Hive authorization is not completely secure. The basic authorization scheme is intended primarily to prevent good users from accidentally doing bad things, but makes no promises about preventing malicious users from doing malicious things. Starting in Hive release 0.10, however, metastore-side security can be enabled to prevent malicious access to metadata in a metastore server configuration.

Prerequisites

In order to use Hive authorization, there are two parameters that should be set in hive-site.xml:

No Format
<property>
  <name>hive.security.authorization.enabled</name>
  <value>true</value>
  <description>enable or disable the hive client authorization</description>
</property>

<property>
  <name>hive.security.authorization.createtable.owner.grants</name>
  <value>ALL</value>
  <description>the privileges automatically granted to the owner whenever a table gets created. 
   An example like "select,drop" will grant select and drop privilege to the owner of the table</description>
</property>

Note that, by default, the hive.security.authorization.createtable.owner.grants are set to null, which would result in the creator of a table having no access to the table.

Users, Groups, and Roles

At the core of Hive's authorization system are users, groups, and roles. Roles allow administrators to give a name to a set of grants which can be easily reused. A role may be assigned to users, groups, and other roles. For example, consider a system with the following users and groups:

  • <User>: <Groups>
  • user_all_dbs: group_db1, group_db2
  • user_db1: group_db1
  • user_db2: group_db2

If we wanted to restrict each user to a specific set of databases, we could use roles to build the authorization mechanism. The administrator would create two roles, called role_db1 and role_db2. The role_db1 role would provide privileges just for the first database, and the role_db2 role would provide privileges just for the second database. The administrator could then grant the role_db1 role to group_db1, or explicitly for the users in the group, and do the same for role_db2 with the users of the second database. In order to allow users who need to see all databases to get their appropriate privileges, a third role could be created called role_all_dbs, which would be granted role_db1 and role_db2. When user_all_dbs is granted the role_all_dbs role, the user implicitly is granted all the privileges of role_db1 and role_db2.
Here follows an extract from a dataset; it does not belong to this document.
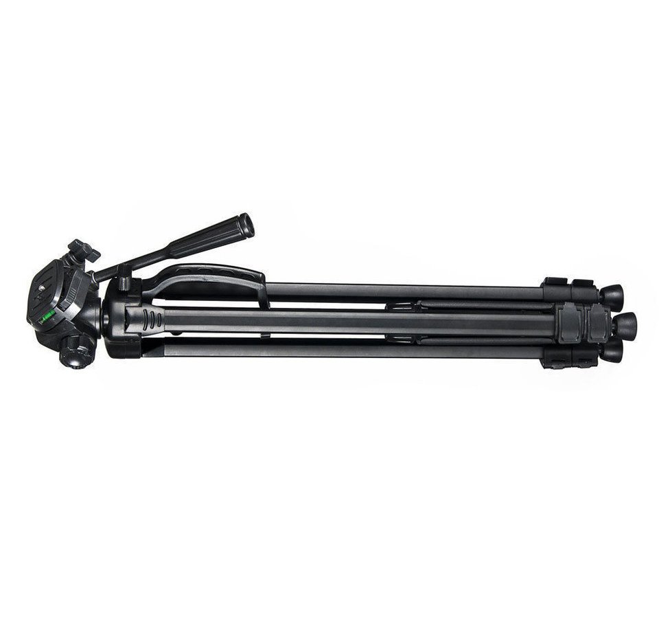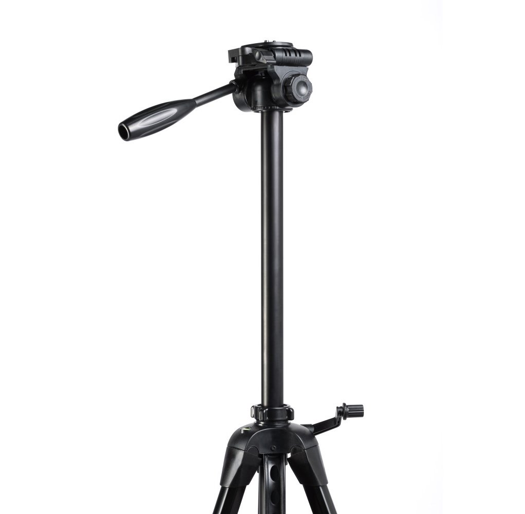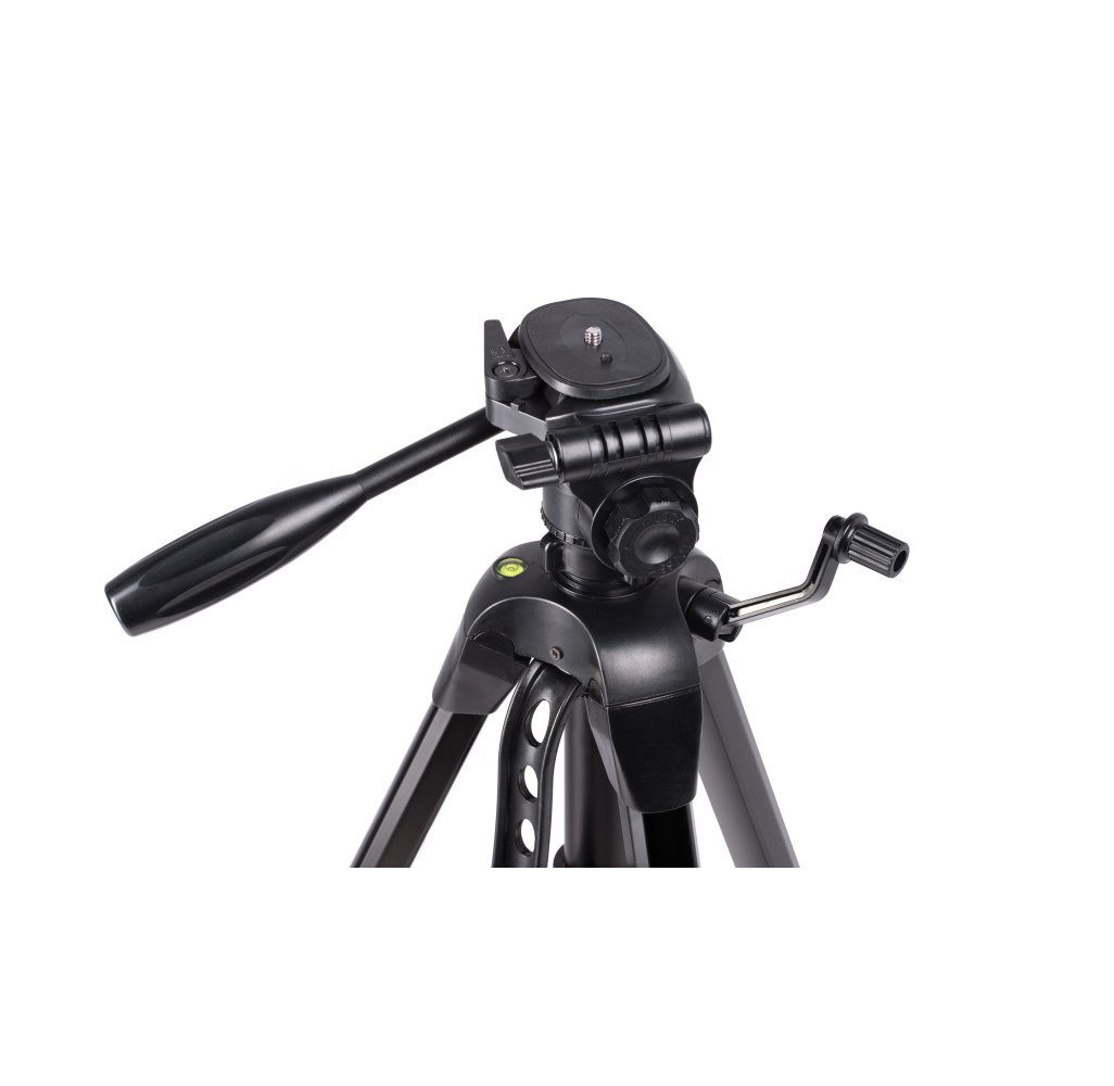 Šis trikojis stovas leidžia pritvirtinti tiek fotoaparatus, tiek mobiliuosius telefonus (pridėtas universalus laikiklis) ar kameras, lazerius. Jis taip pat turi 360° besisukančią galvutę ir reguliuojamo aukščio kojas (58-143 cm), tad su juo bus galima fotografuoti įvairiausiais kampais.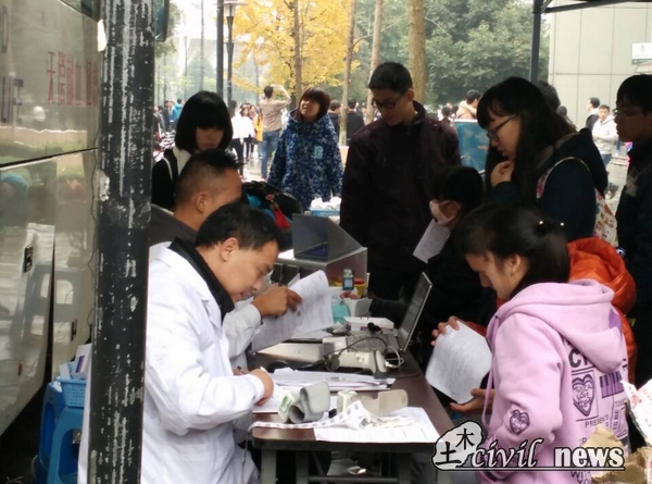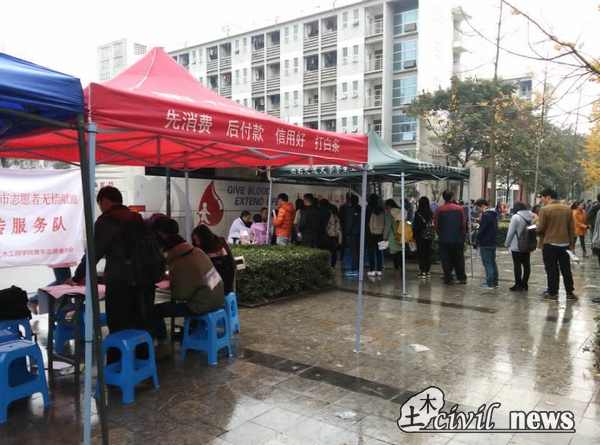 为缓解成都市用血紧张的现状,为发挥当代大学生爱心奉献、服务社会的精神。土木工程学院青年志愿者协会无偿献血志愿宣传服务队于2015年12月4日举行了以“采血车进校”为主题的献血活动。

Hive roles must be created manually before being used, unlike users and groups. Users and groups are managed by the hive.security.authenticator.manager. When a user connects to a Metastore Server and issues a query, the Metastore will determine the username of the connecting user, and the groups associated with that ushive.security.authorization.ername. That information is then used to determine if the user should have access to the metadata being requested, by comparing the required privileges of the Hive operation to the user privileges using the following rules:

  • User privileges (Has the privilege been granted to the user)
  • Group privileges (Does the user belong to any groups that the privilege has been granted to)
  • Role privileges (Does the user or any of the groups that the user belongs to have a role that grants the privilege)

By default, the Metastore uses the HadoopDefaultAuthenticator for determing user -> group mappings, which determines authorization by using the Unix usernames and groups on the machine where the Metastore is running. To make this more clear, consider a scenario where a user foo is a member of group bar on the machine running the Hive CLI, and connects to a Metastore running on a separate server that also has a user named foo, but on the Metastore Server, foo is a member of group baz. When an operation is executed, the Metastore will determine foo to be in the group baz.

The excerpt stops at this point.